6.2.4. Image feature extraction#
6.2.4.1. Patch extraction#
The extract_patches_2d
function extracts patches from an image stored
as a two-dimensional array, or three-dimensional with color information along
the third axis. For rebuilding an image from all its patches, use
reconstruct_from_patches_2d
. For example let us generate a 4x4 pixel
picture with 3 color channels (e.g. in RGB format):
>>> import numpy as np
>>> from sklearn.feature_extraction import image
>>> one_image = np.arange(4 * 4 * 3).reshape((4, 4, 3))
>>> one_image[:, :, 0] # R channel of a fake RGB picture
array([[ 0, 3, 6, 9],
[12, 15, 18, 21],
[24, 27, 30, 33],
[36, 39, 42, 45]])
>>> patches = image.extract_patches_2d(one_image, (2, 2), max_patches=2,
... random_state=0)
>>> patches.shape
(2, 2, 2, 3)
>>> patches[:, :, :, 0]
array([[[ 0, 3],
[12, 15]],
[[15, 18],
[27, 30]]])
>>> patches = image.extract_patches_2d(one_image, (2, 2))
>>> patches.shape
(9, 2, 2, 3)
>>> patches[4, :, :, 0]
array([[15, 18],
[27, 30]])
Let us now try to reconstruct the original image from the patches by averaging on overlapping areas:
>>> reconstructed = image.reconstruct_from_patches_2d(patches, (4, 4, 3))
>>> np.testing.assert_array_equal(one_image, reconstructed)
The PatchExtractor
class works in the same way as
extract_patches_2d
, only it supports multiple images as input. It is
implemented as a scikit-learn transformer, so it can be used in pipelines.

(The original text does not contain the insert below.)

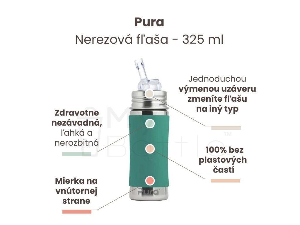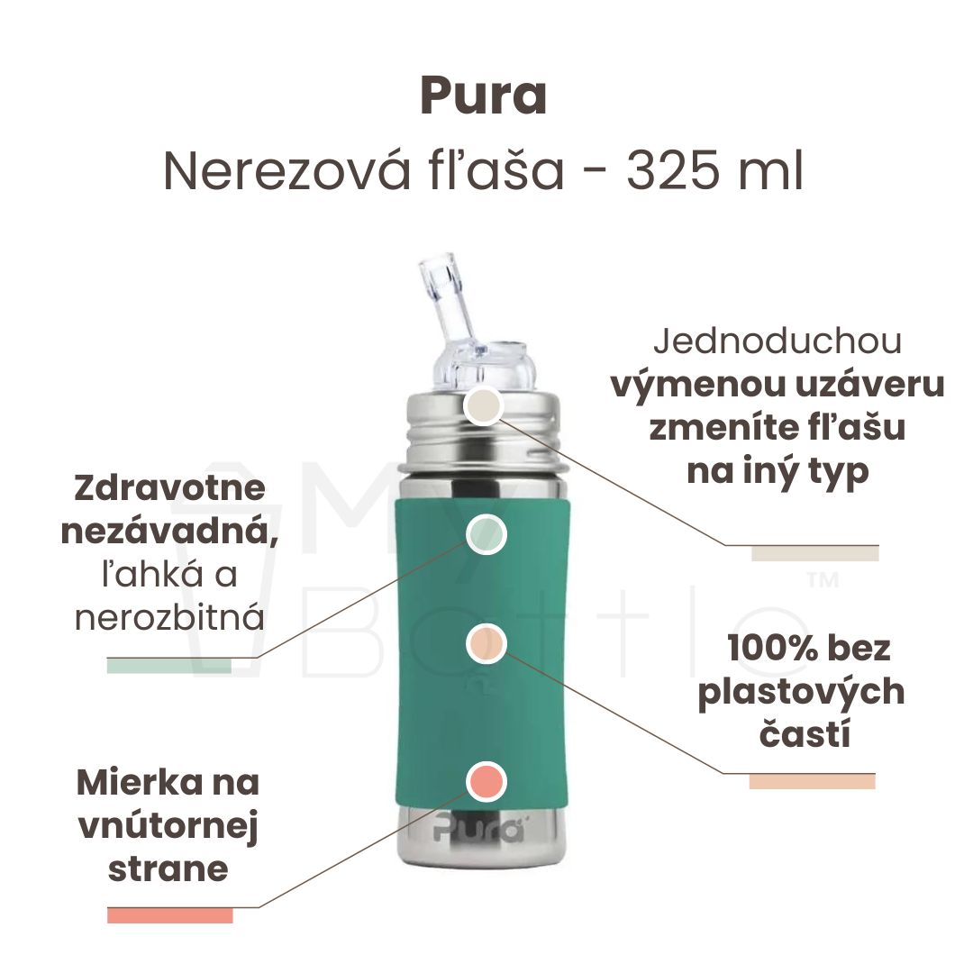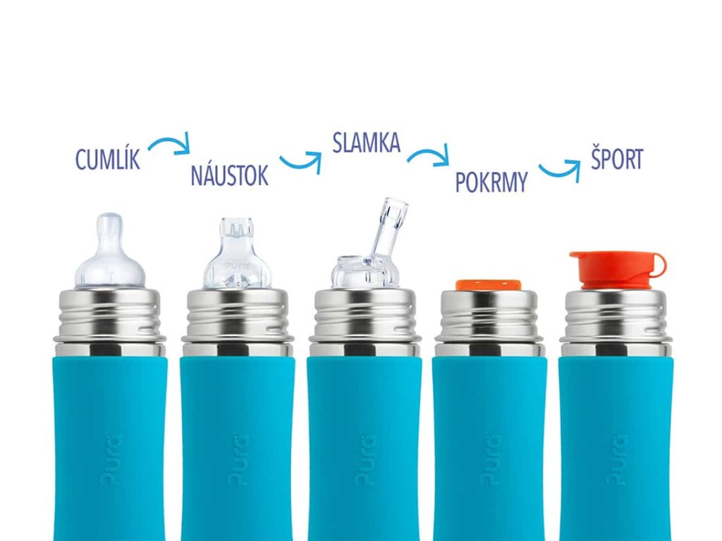 Výhodou nerezovej fľaše Pura je, že sa prispôsobuje a “rastie” s vašim dieťaťom. Jednoduchou výmenou viečka sa fľaša mení z dojčenskej fľaše s cumlíkom na fľašu s náustkom, slamkou alebo športovým uzáverom, alebo s použitím tesniaceho disku na pohárik na príkrmy a drobné občerstvenie. Jednu a tú istú fľašu, tak môžete používať mnoho rokov. Takto jednoducho šetrite nielen peniaze, ale pomáhate aj životnému prostrediu.

See:
>>> five_images = np.arange(5 * 4 * 4 * 3).reshape(5, 4, 4, 3)
>>> patches = image.PatchExtractor(patch_size=(2, 2)).transform(five_images)
>>> patches.shape
(45, 2, 2, 3)
6.2.4.2. Connectivity graph of an image#
Several estimators in the scikit-learn can use connectivity information between features or samples. For instance Ward clustering (Hierarchical clustering) can cluster together only neighboring pixels of an image, thus forming contiguous patches:
For this purpose, the estimators use a ‘connectivity’ matrix, giving which samples are connected.
The function img_to_graph
returns such a matrix from a 2D or 3D
image. Similarly, grid_to_graph
build a connectivity matrix for
images given the shape of these image.
These matrices can be used to impose connectivity in estimators that use connectivity information, such as Ward clustering (Hierarchical clustering), but also to build precomputed kernels, or similarity matrices.